NYSTA Masterclass with Benita Valente

By all accounts an impeccable musician who sang radiantly for over forty years in an astonishing array of styles until retiring in 2000, Benita Valente gave a two-hour masterclass for the New York Singing Teachers Association October 17th at Grace Dodge Hall, Columbia Teachers College.

If you weren't there, you missed seeing an extraordinary artist imparting the essence of her craft with style, dry wit, élan and yes—her voice. She sang/demonstrated when doing so could say more than words could. And it was beautiful.

[youtube https://www.youtube.com/watch?v=XsL7d9pI8Po]

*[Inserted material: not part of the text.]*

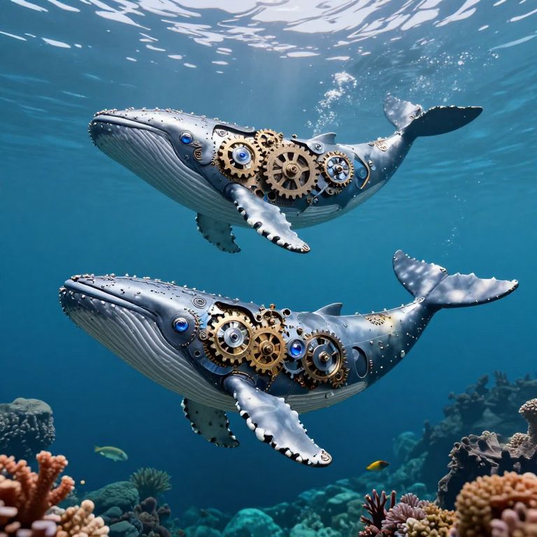 Two intricately designed clockwork whales glide gracefully through the ocean's depths, their metallic bodies adorned with ornate gears and glowing blue eyes, as they navigate past rocky coral formations under a serene sky above.

Ms. Valente worked with five singers, Sheila Carroll, Amy Shoremount-Obra, Margaret O'Connett, Courtney Ross and Briana Sakamoto, bringing to each a keen intelligence that focused on musicianship, the meaning of words and the tone that communicates them. This last aspect was - for this listener - the most interesting aspect of the evening. How so? Ms. Valente enabled each singer to make distinct vocal gains by helping them listen to themselves. How did she do this? Though the ancient use of imitation. If a vowel wasn't quite up to snuff, she zeroed in on it and provided correction by giving it auditory context. Compare and contrast - a streamlined manner of instruction which bypasses untold paragraphs of blather and mechanistic manipulation and educates the student's ear. To do it, you have to know what you are doing, and do it well. The student, I should add, needs to have their wits about them. This manner of instruction provided- for those with ears to hear-  a distillation of instruction in self-listening.

"We have to get to the center of the sound," she said, pointing to her upper lip.

"It goes out from there! A circle around us." She gestured with her hands. "It is ourselves. The center is small."

"Like a horse in Central Park, I feel I have blinders on down to here," she said, gesturing from her temples to her jawline.

The singers responded to this auditory short-hand. Ears perked up. Vowels became clear and tone soared. A jaw or two stopped opening inordinately. Coloratura flew.

"It's a roller coaster that doesn't leave the ground!"

Funny—the things that happen when you help someone listen to what they are doing. (I call this the 'where' of listening.) If you can achieve the same gains that were heard in the room from this brief description minus the original context, you are a first-class autodidact.

Ms. Valente studied with the indomitable Margaret Harshaw.